[DATA SECTION — start]

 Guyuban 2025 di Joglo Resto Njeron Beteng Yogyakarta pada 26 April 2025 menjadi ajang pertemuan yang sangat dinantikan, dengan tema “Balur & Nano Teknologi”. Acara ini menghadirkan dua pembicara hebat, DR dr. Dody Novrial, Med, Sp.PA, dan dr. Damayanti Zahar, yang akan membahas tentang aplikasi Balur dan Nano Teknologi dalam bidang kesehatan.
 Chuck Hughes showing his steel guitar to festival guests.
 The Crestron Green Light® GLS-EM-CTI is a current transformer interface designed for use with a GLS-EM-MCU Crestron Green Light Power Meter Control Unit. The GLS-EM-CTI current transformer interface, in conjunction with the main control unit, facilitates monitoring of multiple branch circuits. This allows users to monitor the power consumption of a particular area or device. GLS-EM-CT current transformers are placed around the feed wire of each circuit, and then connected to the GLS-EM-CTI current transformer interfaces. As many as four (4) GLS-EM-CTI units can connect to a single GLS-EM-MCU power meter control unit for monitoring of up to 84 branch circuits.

[DATA SECTION — finish]

■ ASSIGNED TASK ■
Output an exact copy of the lines from the one holding "Chuck Hughes showing" to the last line of the data, inclusive, and nothing beyond that range.

■ ANSWER SPACE ■
 Chuck Hughes showing his steel guitar to festival guests.
 The Crestron Green Light® GLS-EM-CTI is a current transformer interface designed for use with a GLS-EM-MCU Crestron Green Light Power Meter Control Unit. The GLS-EM-CTI current transformer interface, in conjunction with the main control unit, facilitates monitoring of multiple branch circuits. This allows users to monitor the power consumption of a particular area or device. GLS-EM-CT current transformers are placed around the feed wire of each circuit, and then connected to the GLS-EM-CTI current transformer interfaces. As many as four (4) GLS-EM-CTI units can connect to a single GLS-EM-MCU power meter control unit for monitoring of up to 84 branch circuits.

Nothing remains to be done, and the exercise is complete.